How incredibly lucky that everyone was at the hospital. Let's hear it for hospitals. And for asthma, and for eczema, and for infant distress. By the time he got home, Guy was in no condition to dissimulate, to act normal, whatever that was. He was in hospital shape himself, cottony, lint-like, as if his torso were just the bandage on an injured heart. In the second drawing-room he threw off his jacket and watched himself in the mirror as he raised the brandy bottle to his lips. Then a cold shower, and the welcome coldness of the sheets . . . How, exactly, had the fight started? It started when she threw something at him, something so small that he barely saw its passage or felt its impact on his chest. Then she was on her feet and thrusting the envelopes at him, and he held her slender wrists, and then the staggered collapse backwards on to the sofa — and there they were, in clothed coition with their faces half an inch apart. For a moment Guy could feel the hard bobble at the centre of everything.

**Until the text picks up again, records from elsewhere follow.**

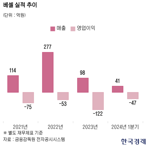 지난해 2월 최대주주가 코스닥 상장기업 더이앤엠으로 바뀐 이후 수주 잔고는 더 줄었다. 베셀의 수주 잔고는 2022년 말 441억에서 2023년 말 261억원, 올해 3월 말 71억원으로 줄었다.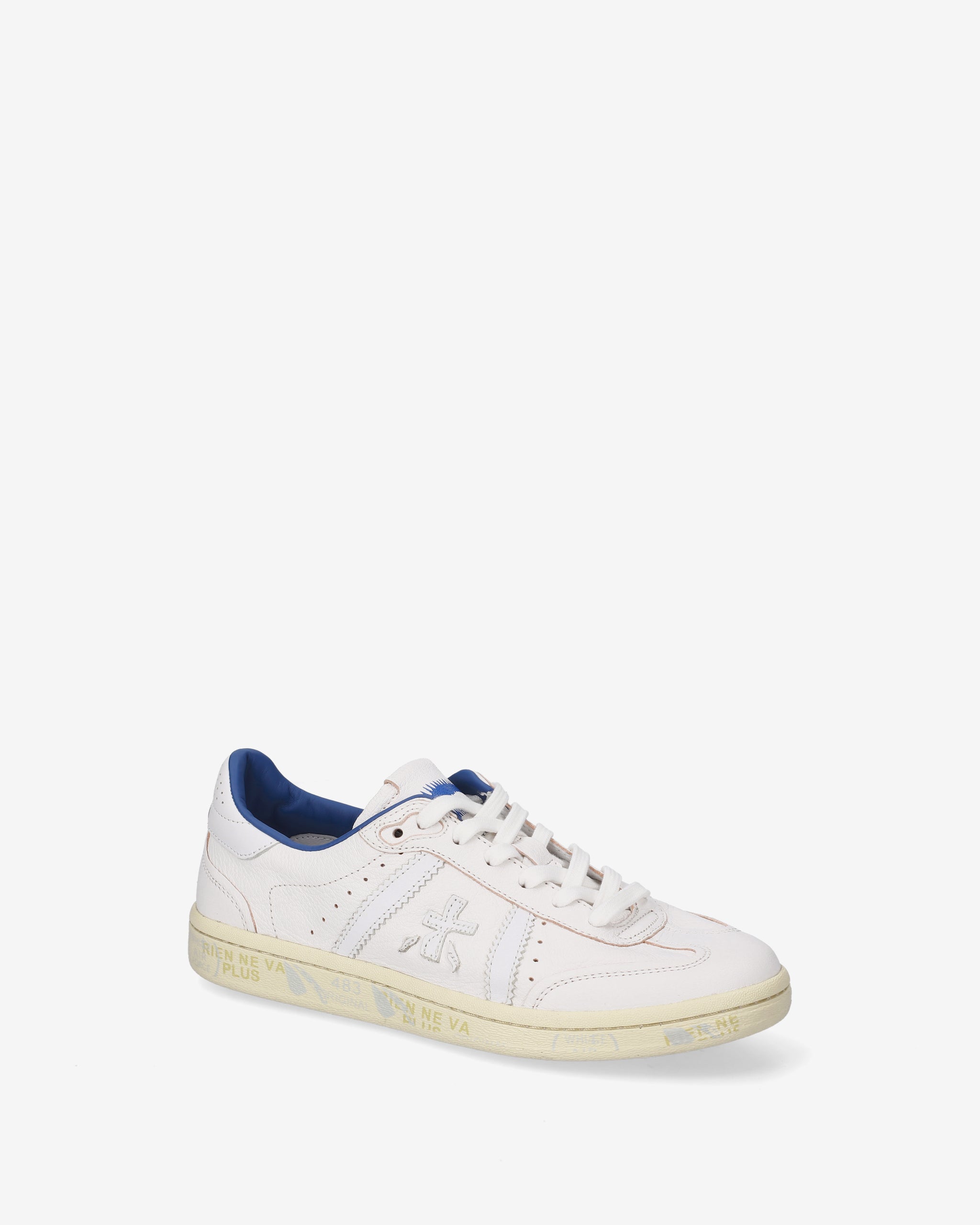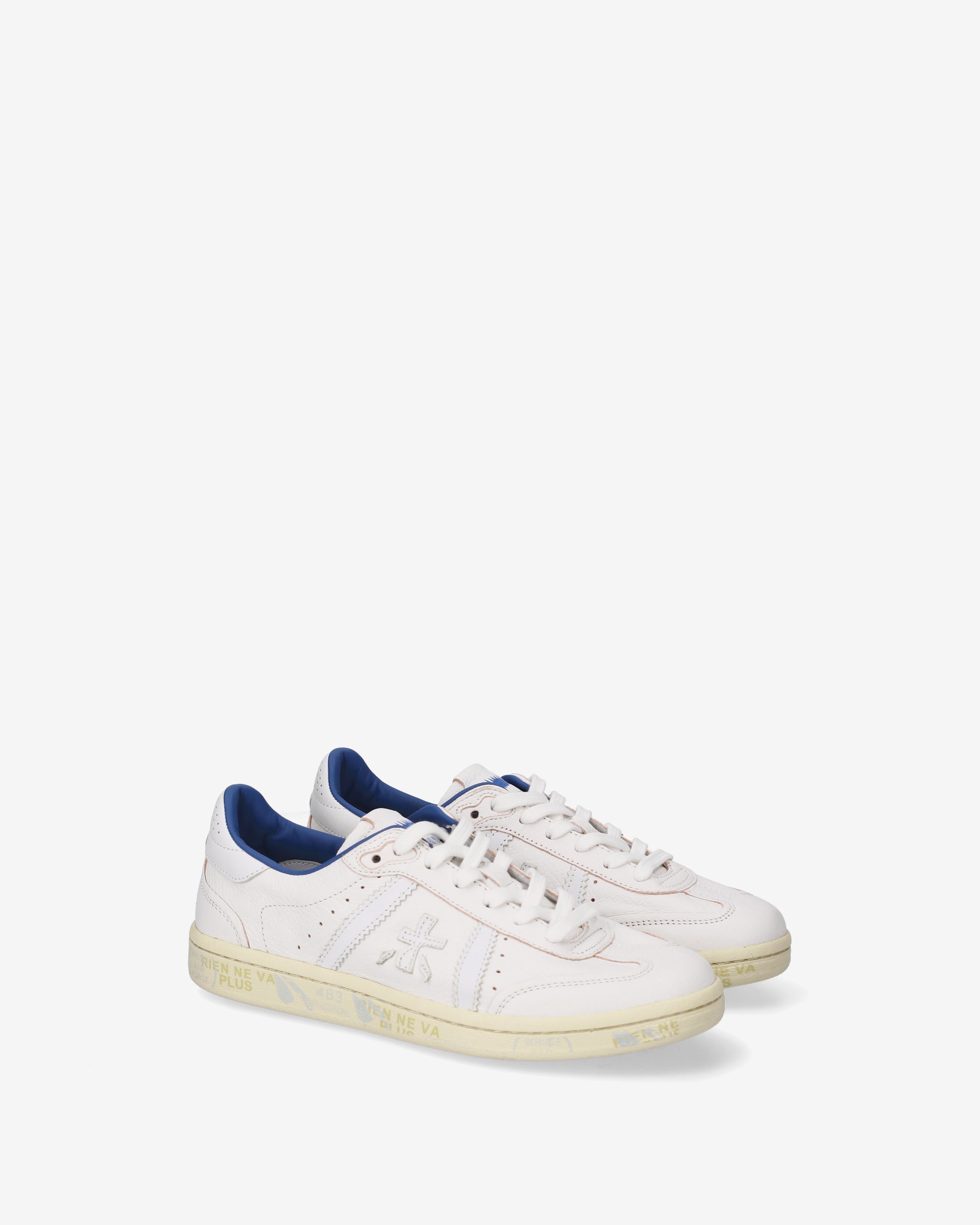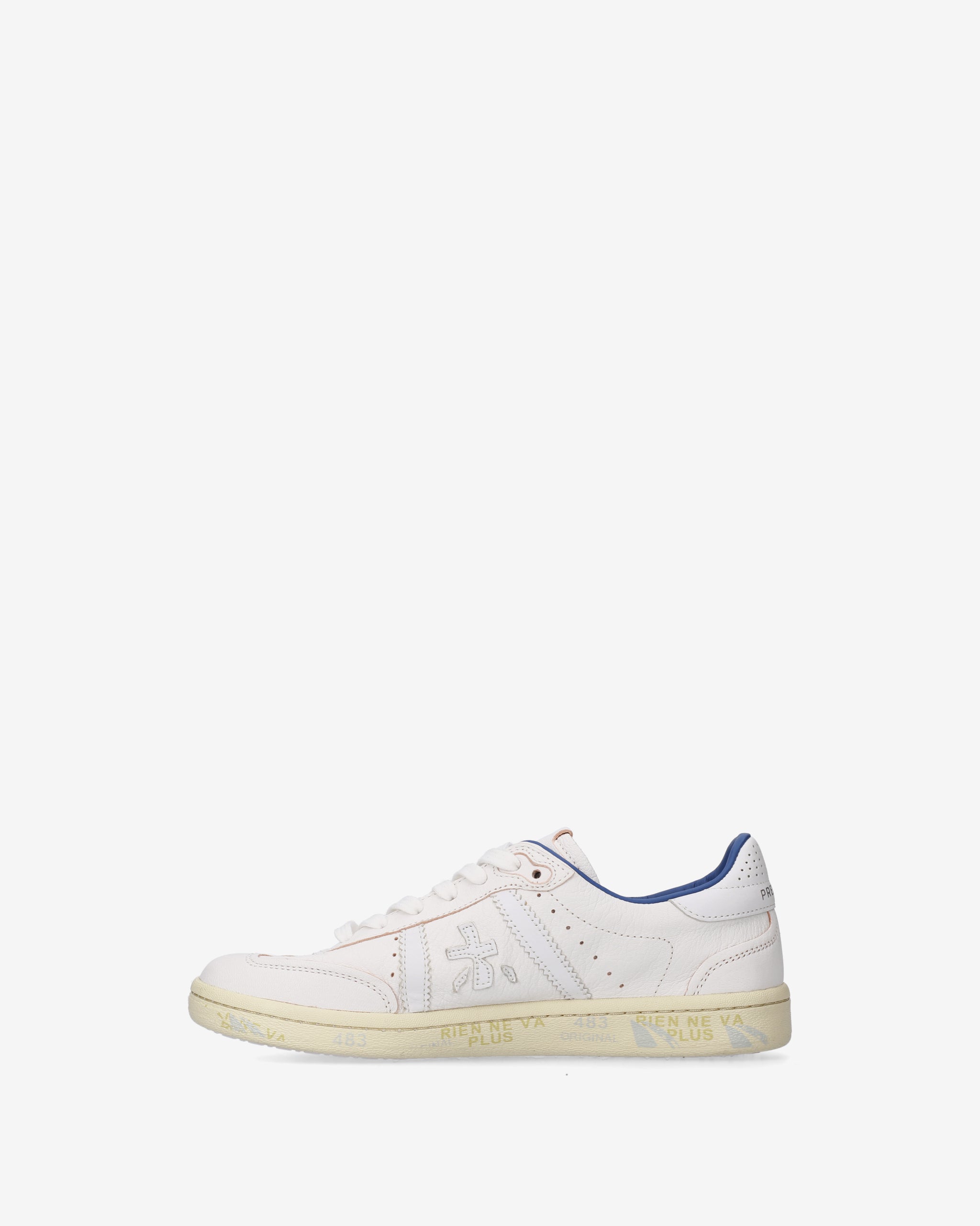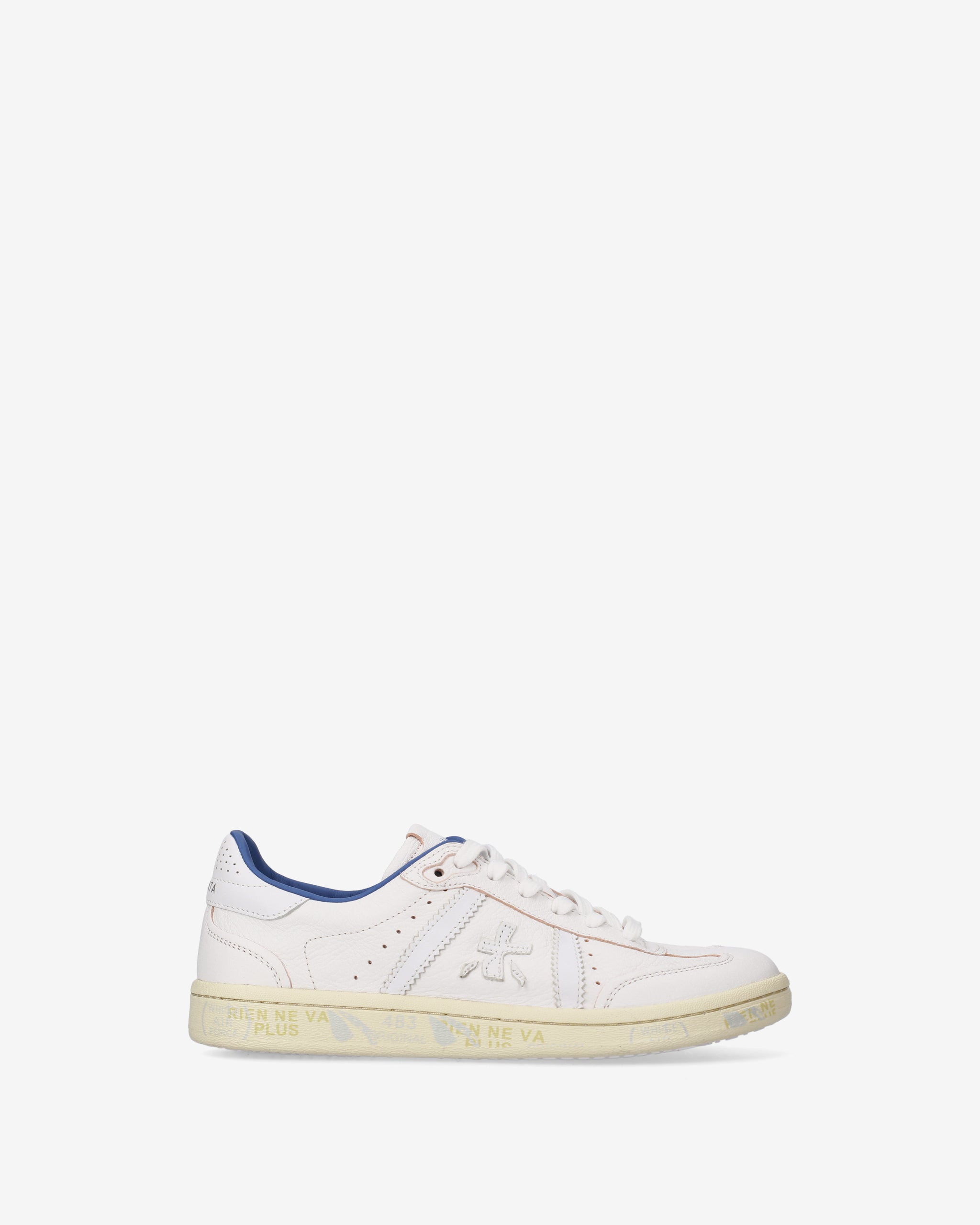 White Bonnie and off-white sole with contrasting blue lining. A white sneaker for a clean and sophisticated look.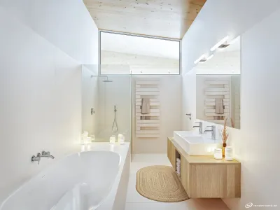 In allen Wohnbereichen wird ein hochwertiger Eichenholzfußboden mit integrierter Fußbodenheizung verlegt. Ein durchdachtes Beleuchtungskonzept ist derzeit in Ausarbeitung und rundet die hochwertige Ausstattung ab.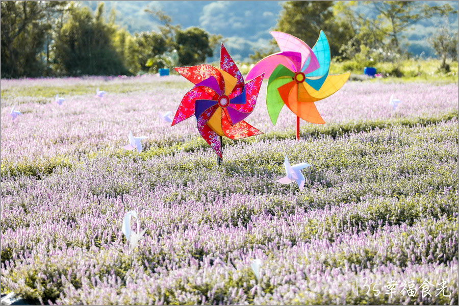 ▼大型花布風車充滿濃厚的客家文化風味,與紫色仙草花海搭配,特別有亮點!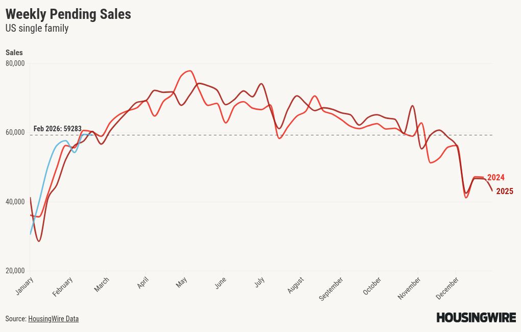 Pending home sales data provides a week-to-week perspective, though results can be affected by holidays and short-term fluctuations, such as the giant winter storm in January. We were showing year-over-year growth to start the year and that snowstorm did slow things down.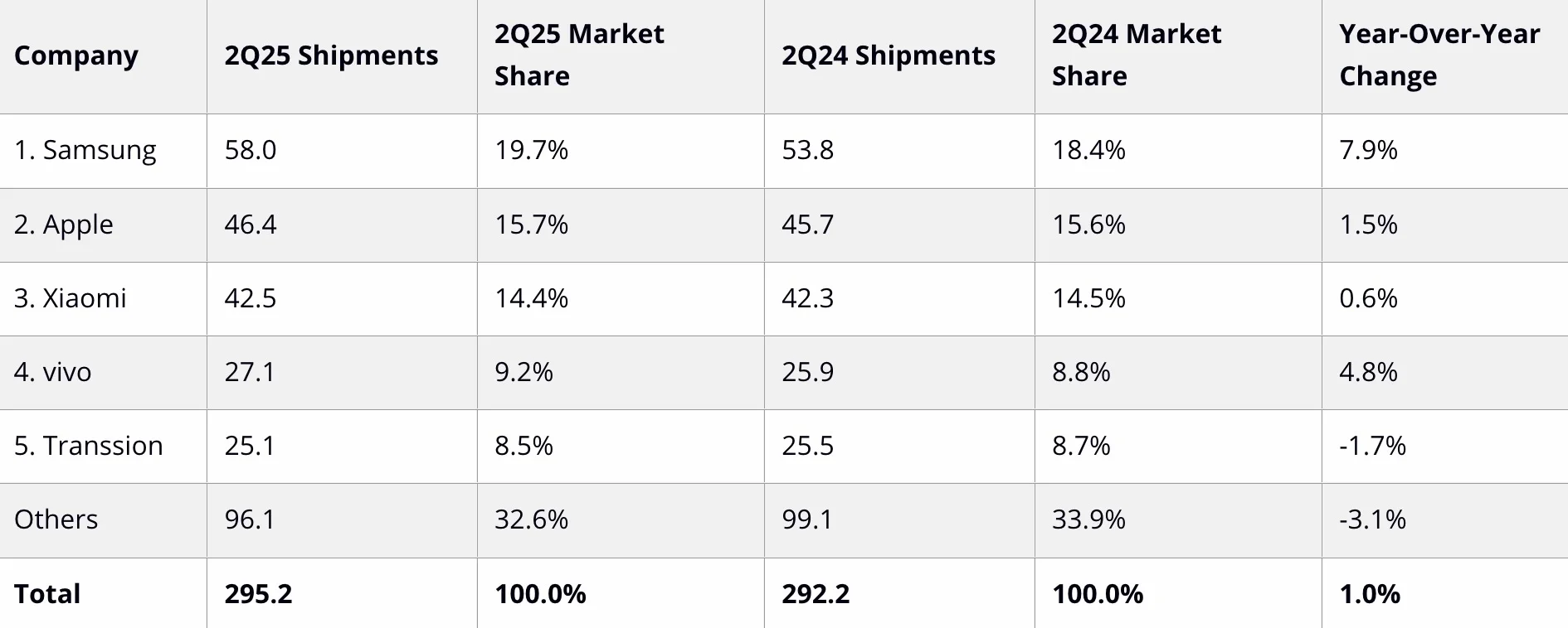 Xiaomi secured the third spot with 42.5 million units shipped and a 14.4% market share, with minimal growth of 0.6%. vivo and Transsion followed with 27.1 million and 25.1 million shipments respectively.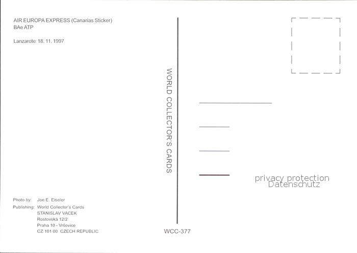 Flugzeuge Zivil Air Europa Express BAeATP postalisch nicht gelaufen Erhaltung siehe scans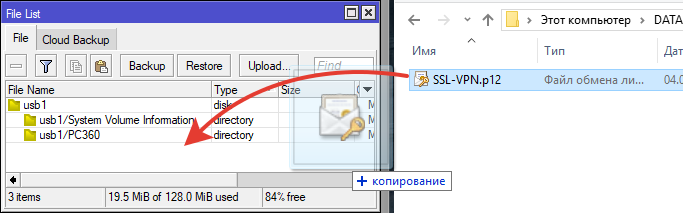 Переносим сертификат на компьютер (перетягиваем мышью), на флэшку и загружаем в клиентский роутер.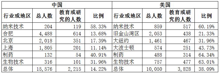 LinkedIn数据显示,从事研究(Research)或教育(Education)的纳米技术行业校友比例在美国和中国分别是60.19%和58.33%,若不分行业,从事研究或教育的校友在美国和中国则分别是38.09%和14.22%。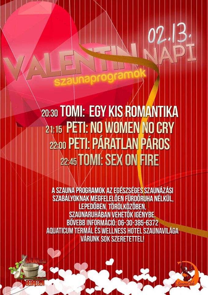 Helyszín: Aquaticum Szaunavilág (Nagyerdei park 1., Tel.: 52/514-174)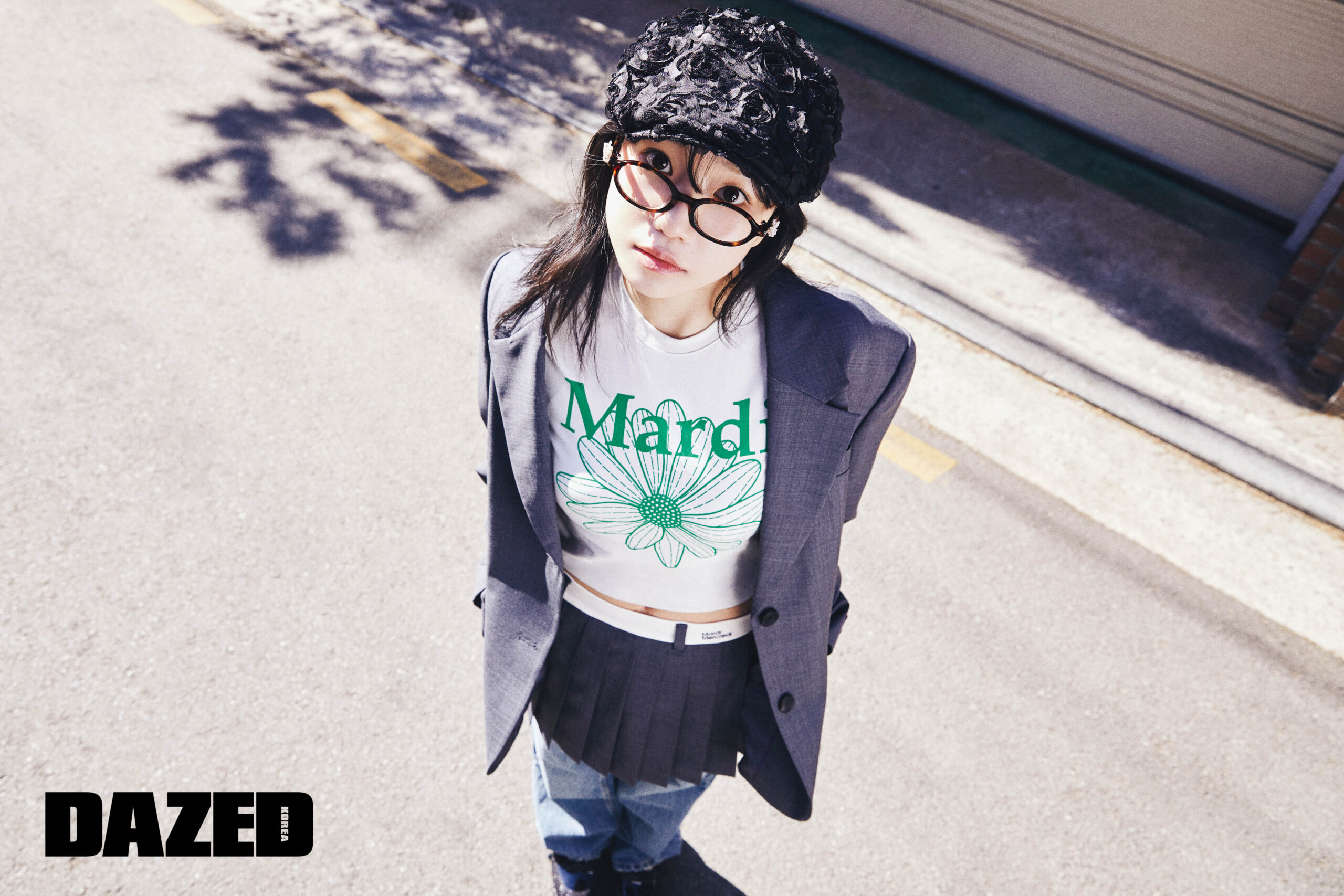 클래식 싱글 재킷과 배색 디테일의 플리츠스커트, 시그너처 플라워마르디 그래픽의 크롭트 톱, 진주 장식의 라운드 안경은 모두 마르디 메크르디(Mardi Mercredi),

'What did you throw at me?' he said.

'A Valium.'

He snorted quietly. 'A
Valium
?'

'A Valium,' she said.

With relief, almost with amusement, Guy readjusted his shocked body; and even his peripheral vision managed to renounce all but the quickest glint of her leggy disarray. Soon he found himself lying on his back with Nicola's head resting on his chest, his nostrils tickled by her hair as she wandered weepily on. Here she was giving him the detailed confession: how she had hoped to step with him into a world of physical love; how they might, if he, the perfect man, agreed, and after 'a lot of practice', try to make a baby; how thereafter she would be content if he looked in once a week, or perhaps twice, to play with his little daughter and (the suggestion was) to play with his little daughter's mother. This dream, of course, she now cancelled and cursed . . . 'A lot of practice': there was something pitiably callow about the phrase. There was plainly something else about it too; callow or not so callow, the words entrained a physical reaction, one that tended to undermine his murmured demurrals and tender mewings. Guy hoped she hadn't noticed the ignoble billyclub which had now established itself athwart his lap. And when she accidentally rested her elbow on its base (turning to ask if this was all just sentimental tosh), Guy was glad he couldn't see his own archly agonized smile as he slid out from under her.